I haven't played a lot of games that have looooooong opening cut scenes (or long cut scenes... or really cut scenes at all) so that was new to me. I am, however, familiar with the story of Fallout, so there wasn't any new information, really. I know, I know... war never changes.


It's turn-based, there are a billion cave rats right outside the exit from the vault (and they all want a piece of me), the machete only has a 55% hit chance but the pistol takes five action points... it's just a really slow start without incorporating tutorials. (Luckily, Birk pointed out that F1 gives me a list of key bindings, so I could figure out what I needed to.)

I died shortly after finding the desert entrance, because four scorpions were there waiting for me and it didn't occur to me to heal fully before going to a new area. The death cut scene helpfully informed me that "even the carrion eaters aren't interested in your irradiated corpse." Thanks, Fallout narrator.

Sunday, August 20, 2017

Sid Meier's Civilization V


I spent part of my afternoon today as the great and mighty Montezuma, building, expanding, and improving Tenochtitlan. It was okay.

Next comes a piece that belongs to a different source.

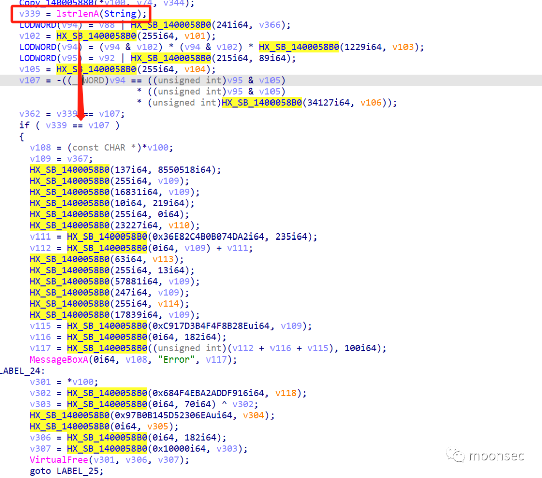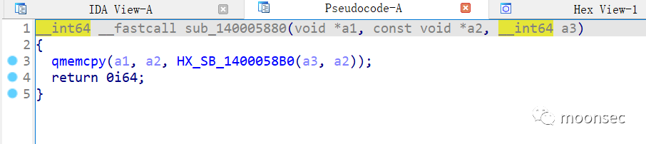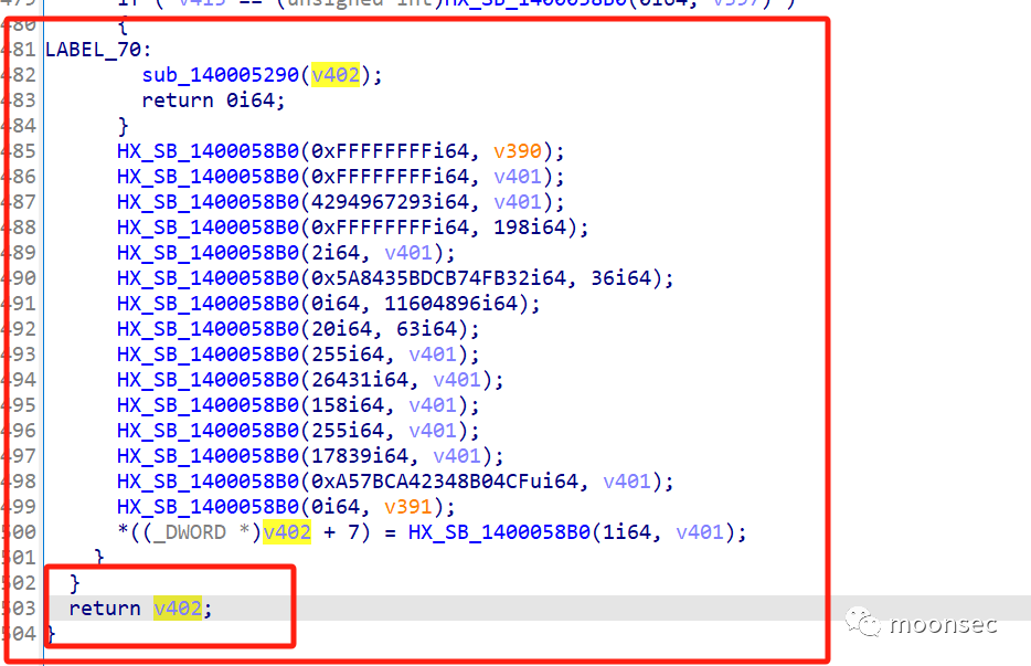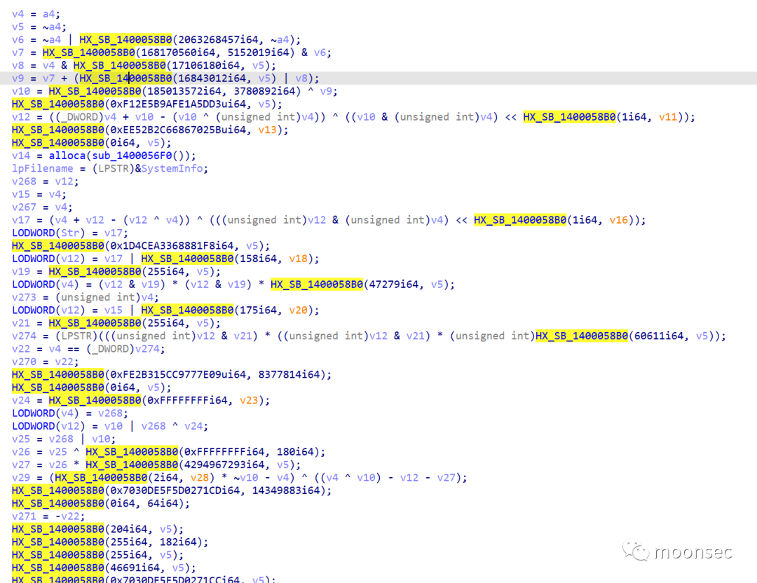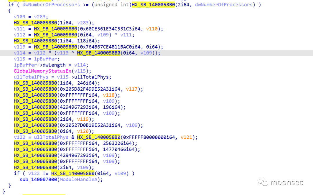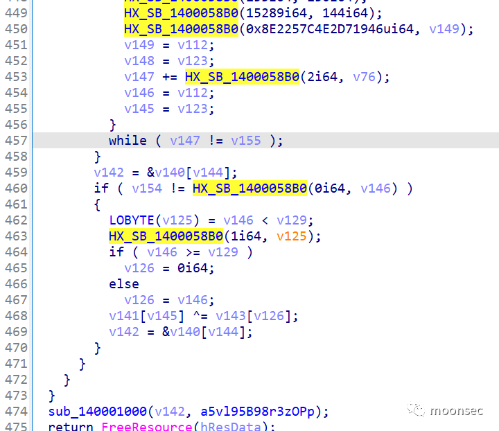 F5来到伪代码查看,黄色标记便是他的混淆了,已经改了名字方便接下来分析了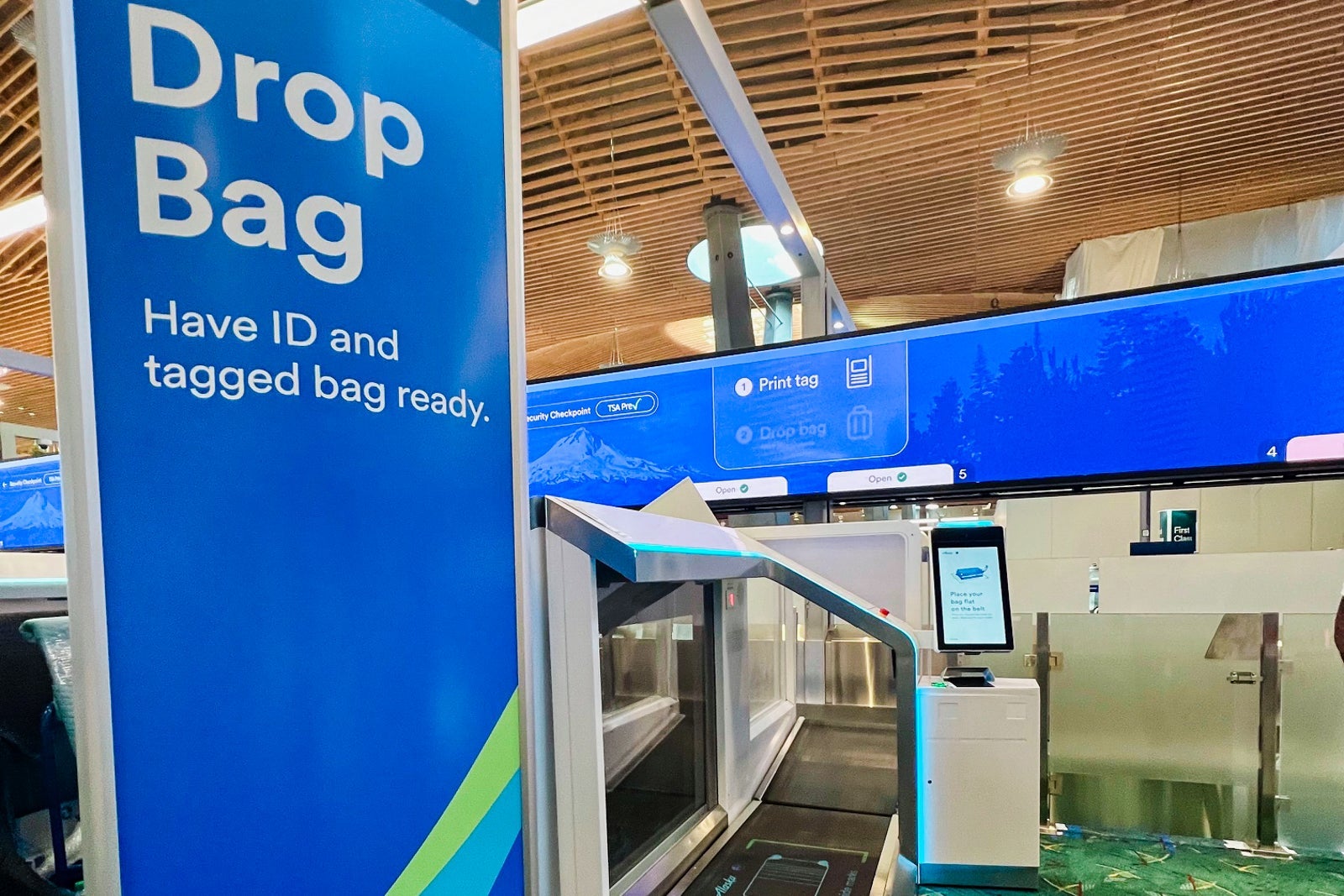 Airline check-in counters are clustered in four carpeted islands perpendicular to the entrance. Passengers flying Alaska Airlines with bags to check will find the newest iteration of the carrier's automatic bag drop system here. The self-service system encourages passengers to scan their boarding passes, print out and attach bag tags, weigh their bags, pay a checked bag fee (if necessary) and send the bags on their way.

Games like this are simultaneously slow and stressful. I don't know, they aren't really my jam. They're okay though. Nothing close to as bad as something like Lucioball.

I played until I could build a library, then let myself quit.

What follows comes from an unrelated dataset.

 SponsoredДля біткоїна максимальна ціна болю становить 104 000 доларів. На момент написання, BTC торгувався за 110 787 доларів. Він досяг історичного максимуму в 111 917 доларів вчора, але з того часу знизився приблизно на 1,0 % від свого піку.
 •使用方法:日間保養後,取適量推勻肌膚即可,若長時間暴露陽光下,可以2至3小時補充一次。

I only went to war once, and that's only because Stockholm was trying to start something with Sydney while I was busy killing barbarians for Sydney. Cut it out, Stockholm; Sydney has a lot on their plates, okay?

Friday, August 11, 2017

Beseige

I hated this game. I really wanted to like this game but I'm so terrible at it, I hate it.

If you aren't familiar, Beseige is a game where you use engineering skills (of which I am apparently severely lacking) to build something to meet the objectives set before you, usually attacking some sort of establishment.

I nailed the first two (a tiny little cottage and a little wooden... lighthouse? something like that) but the third one had to do with navigating around land mines (and suicidal sheep) and I could NOT figure out how to build something that steered properly. There isn't any tutorial or anything, which I kind of like, because you have to use trial and error to figure out what you can and can't do with the pieces given to you, but at some point I have to wonder if I actually did pass physics in college. (The answer is yes, but not easily.)